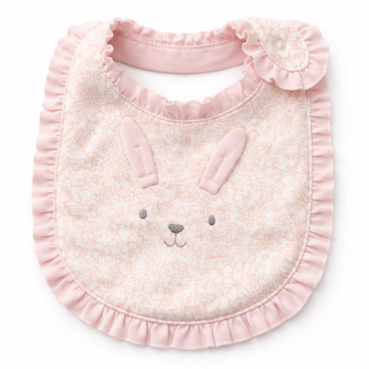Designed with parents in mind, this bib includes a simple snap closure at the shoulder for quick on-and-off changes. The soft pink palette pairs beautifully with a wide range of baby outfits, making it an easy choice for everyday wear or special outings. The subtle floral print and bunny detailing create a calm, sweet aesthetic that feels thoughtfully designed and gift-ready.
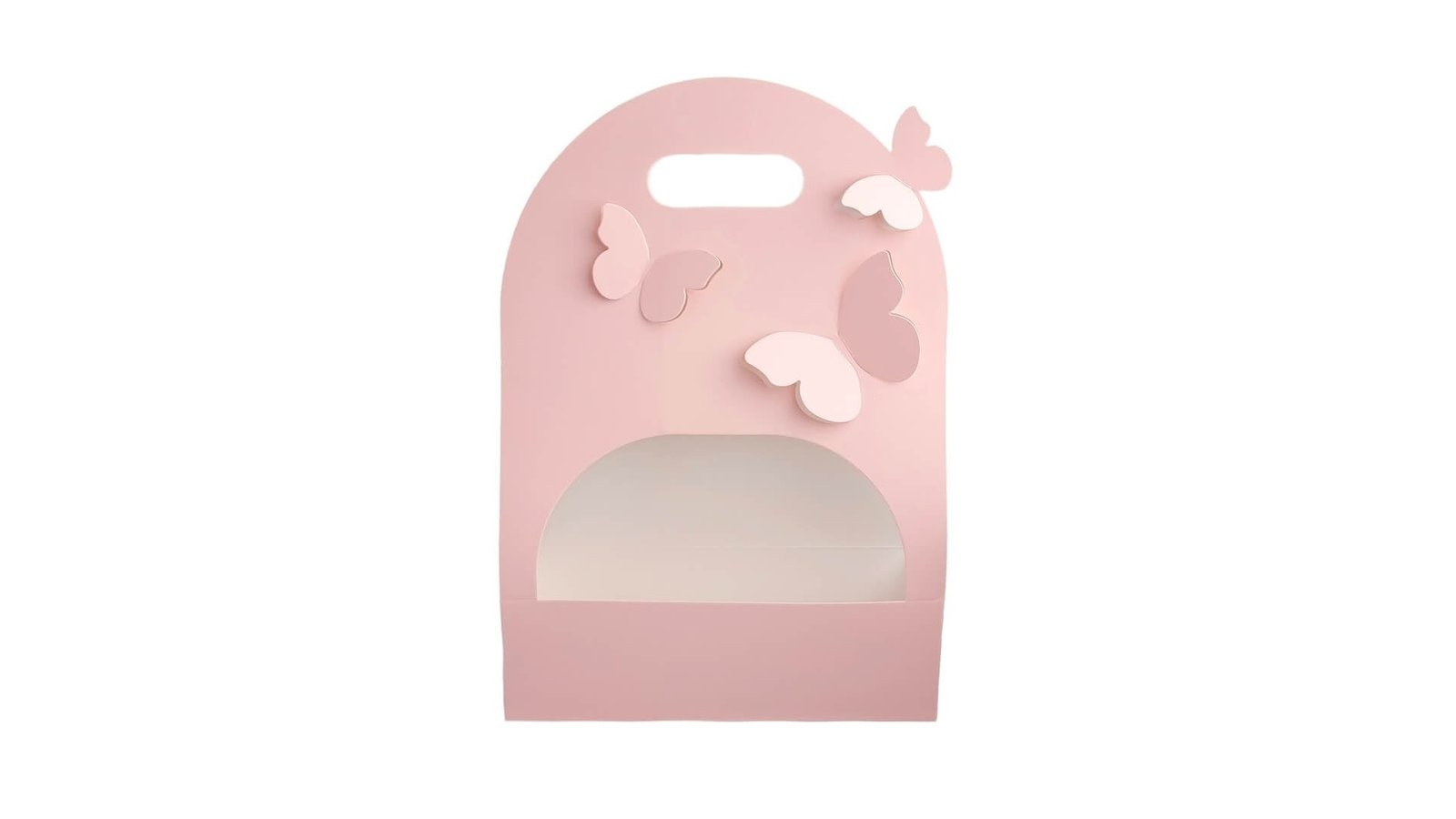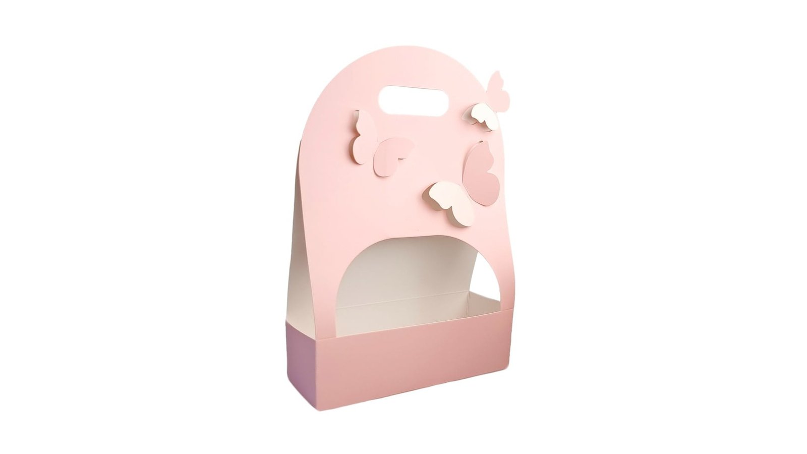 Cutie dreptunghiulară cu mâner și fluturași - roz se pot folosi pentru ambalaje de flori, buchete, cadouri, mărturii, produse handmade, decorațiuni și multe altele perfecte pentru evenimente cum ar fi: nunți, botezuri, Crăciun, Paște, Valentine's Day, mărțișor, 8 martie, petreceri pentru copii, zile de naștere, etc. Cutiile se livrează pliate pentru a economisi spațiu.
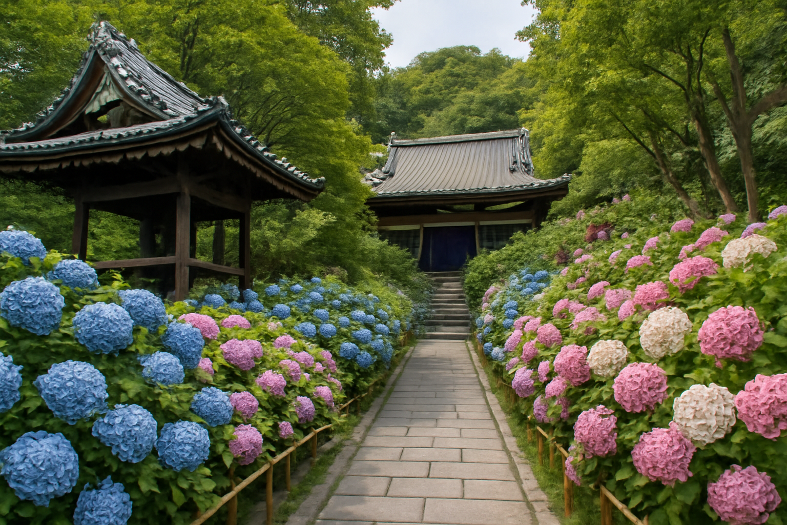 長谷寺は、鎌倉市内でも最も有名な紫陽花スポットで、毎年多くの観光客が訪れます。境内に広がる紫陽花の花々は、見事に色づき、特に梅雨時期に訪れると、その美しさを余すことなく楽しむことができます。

-------------------------

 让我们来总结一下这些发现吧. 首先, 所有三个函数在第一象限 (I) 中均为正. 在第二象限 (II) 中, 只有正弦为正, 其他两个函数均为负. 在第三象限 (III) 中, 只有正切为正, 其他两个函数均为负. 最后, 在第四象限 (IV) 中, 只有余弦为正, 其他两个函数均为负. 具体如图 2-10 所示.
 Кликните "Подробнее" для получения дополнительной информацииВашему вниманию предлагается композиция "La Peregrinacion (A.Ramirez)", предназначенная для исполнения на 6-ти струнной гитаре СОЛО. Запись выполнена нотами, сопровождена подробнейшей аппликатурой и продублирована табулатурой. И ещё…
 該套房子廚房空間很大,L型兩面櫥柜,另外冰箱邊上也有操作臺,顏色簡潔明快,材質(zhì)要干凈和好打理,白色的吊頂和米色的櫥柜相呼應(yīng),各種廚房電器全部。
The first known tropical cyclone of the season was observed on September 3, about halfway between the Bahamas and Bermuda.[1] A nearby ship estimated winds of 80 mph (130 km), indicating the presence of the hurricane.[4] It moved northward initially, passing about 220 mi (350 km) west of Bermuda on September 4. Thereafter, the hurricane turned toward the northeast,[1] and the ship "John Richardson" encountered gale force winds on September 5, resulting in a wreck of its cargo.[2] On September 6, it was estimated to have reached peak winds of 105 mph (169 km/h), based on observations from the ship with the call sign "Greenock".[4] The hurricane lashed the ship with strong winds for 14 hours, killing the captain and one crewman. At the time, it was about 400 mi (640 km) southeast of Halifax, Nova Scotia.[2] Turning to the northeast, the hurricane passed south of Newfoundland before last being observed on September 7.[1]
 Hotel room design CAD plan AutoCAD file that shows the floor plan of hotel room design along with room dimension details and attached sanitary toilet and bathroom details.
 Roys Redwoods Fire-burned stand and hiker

-------------------------

--- TRY IT ---
Out of the records above, please copy exactly the lines from the line with "Cutie dreptunghiulară cu" up to and including the line with "長谷寺は、鎌倉市内でも最も有", minus the pictures.

--- TASK ANSWER ---
 Cutie dreptunghiulară cu mâner și fluturași - roz se pot folosi pentru ambalaje de flori, buchete, cadouri, mărturii, produse handmade, decorațiuni și multe altele perfecte pentru evenimente cum ar fi: nunți, botezuri, Crăciun, Paște, Valentine's Day, mărțișor, 8 martie, petreceri pentru copii, zile de naștere, etc. Cutiile se livrează pliate pentru a economisi spațiu.
 長谷寺は、鎌倉市内でも最も有名な紫陽花スポットで、毎年多くの観光客が訪れます。境内に広がる紫陽花の花々は、見事に色づき、特に梅雨時期に訪れると、その美しさを余すことなく楽しむことができます。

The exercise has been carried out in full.